Dal with 2 Chapati
Lunch • India
How to Make Dal with 2 Chapati (Traditional & Healthy Version)
Dal with 2 Chapati is a quintessential North Indian lunch, cherished across households for its comforting flavors and nutritional balance. Dal, a staple lentil curry, is rich in protein and fiber, while chapati, made from whole wheat atta, is a light yet filling flatbread. This classic combination is commonly served during Indian festivals like Holi and Diwali, symbolizing wholesome vegetarian fare. The dish has roots in Punjab, Uttar Pradesh, and Delhi, where dal is often tempered with aromatic spices and served with freshly made chapati straight from the tawa. The meal offers a perfect harmony of taste and health, making it a popular choice for both everyday dining and festive occasions. The taste of dal with chapati is earthy, mildly spiced, and deeply satisfying, appealing to all age groups from children to elders. Different regions in North India add their own twist—some prefer a thicker dal, others more liquid; chapati may be thin or slightly crisp. The combination provides sustained energy and keeps you full, making it ideal for lunch, especially in Indian summers. The use of simple, wholesome ingredients aligns with modern health-conscious lifestyles, ensuring every bite is packed with nutrition without compromising on authentic flavors. Dal with 2 Chapati is not just a meal but a cultural icon, served in Indian thalis, school lunches, and during community gatherings. Its simplicity and versatility have made it a favorite for those tracking calories and seeking balanced vegetarian meals. Whether enjoyed during festivals or as a daily lunch, this dish embodies the heart of North Indian cuisine.

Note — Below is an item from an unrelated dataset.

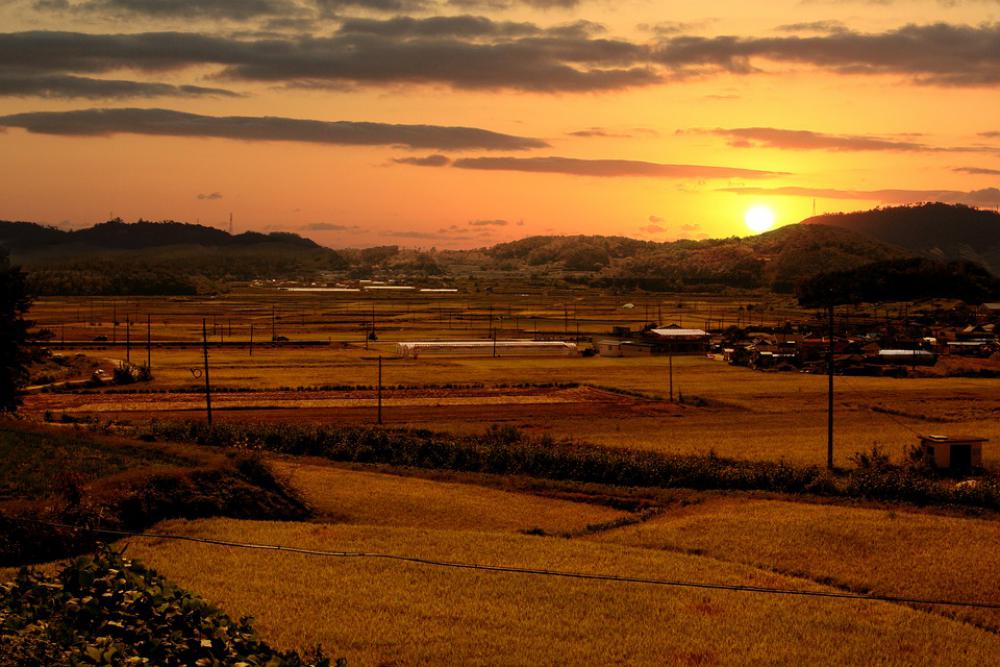 Rural Landscape Rice Paddies Sunset Glow Nature

Ingredients(for 1 cup dal + 2 chapati per person)
- 1 cup Toor dal (arhar dal) (Split pigeon peas)
- 3 cups Water
- 2 cups Atta (whole wheat flour) (For chapati)
- 1 tsp Salt (Namak)
- 1/2 tsp Turmeric powder (Haldi)
- 1/2 tsp Cumin seeds (Jeera)
- 2 tsp Ghee or oil (Use mustard oil for authenticity)

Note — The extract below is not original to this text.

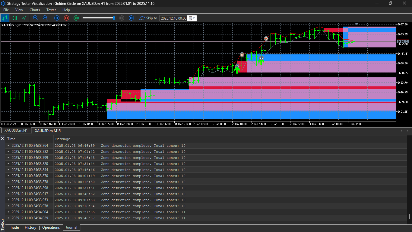 Visual chart overlays display active zones, entry markers, and stop loss/take profit levels for real-time monitoring and backtesting verification.

- 1 Green chili (Hari mirch, chopped) - optional
- 1 small Onion (Finely chopped) - optional
- 1 medium Tomato (Chopped) - optional
- 2 tbsp Coriander leaves (Hara dhania, chopped) - optional
Instructions
- 1
Wash toor dal thoroughly and soak for 10 minutes. Drain and add to a pressure cooker with water, turmeric, and salt.
5 minutes
Soaking dal speeds up cooking and aids digestion.
- 2
Pressure cook dal for 3 whistles or until soft. Let the pressure release naturally.
10 minutes
Don't overcook; dal should be creamy yet retain some texture.
- 3
In a pan, heat ghee or oil. Add cumin seeds, let them splutter. Add chopped onion, green chili, and sauté till golden.
5 minutes
For deeper flavor, cook onions slowly until caramelized.
- 4
Add chopped tomato and cook until soft. Pour cooked dal into the pan, mix, and simmer for 5 minutes. Adjust salt as needed.
5 minutes
Simmering brings out the flavors of the spices.
Why This Dish is Healthy
Dal with 2 Chapati is a balanced vegetarian meal, offering a blend of protein, fiber, and slow-digesting carbohydrates. It keeps you full for longer, aids in muscle repair, and supports weight management. The use of whole wheat atta and lentils aligns with healthy eating guidelines, making it ideal for those tracking calories or seeking nutritious Indian lunch options.
Dal is rich in plant-based protein, dietary fiber, B vitamins, and minerals like iron and potassium. Whole wheat chapati provides complex carbohydrates, fiber, and essential nutrients such as magnesium and zinc. The meal is low in saturated fat and cholesterol, supports digestive health, and helps regulate blood sugar levels. Including fresh vegetables and minimal ghee ensures it remains heart-friendly and suitable for most diets.
Pro Tips
- 💡Tip 1: Use fresh atta for softer chapati.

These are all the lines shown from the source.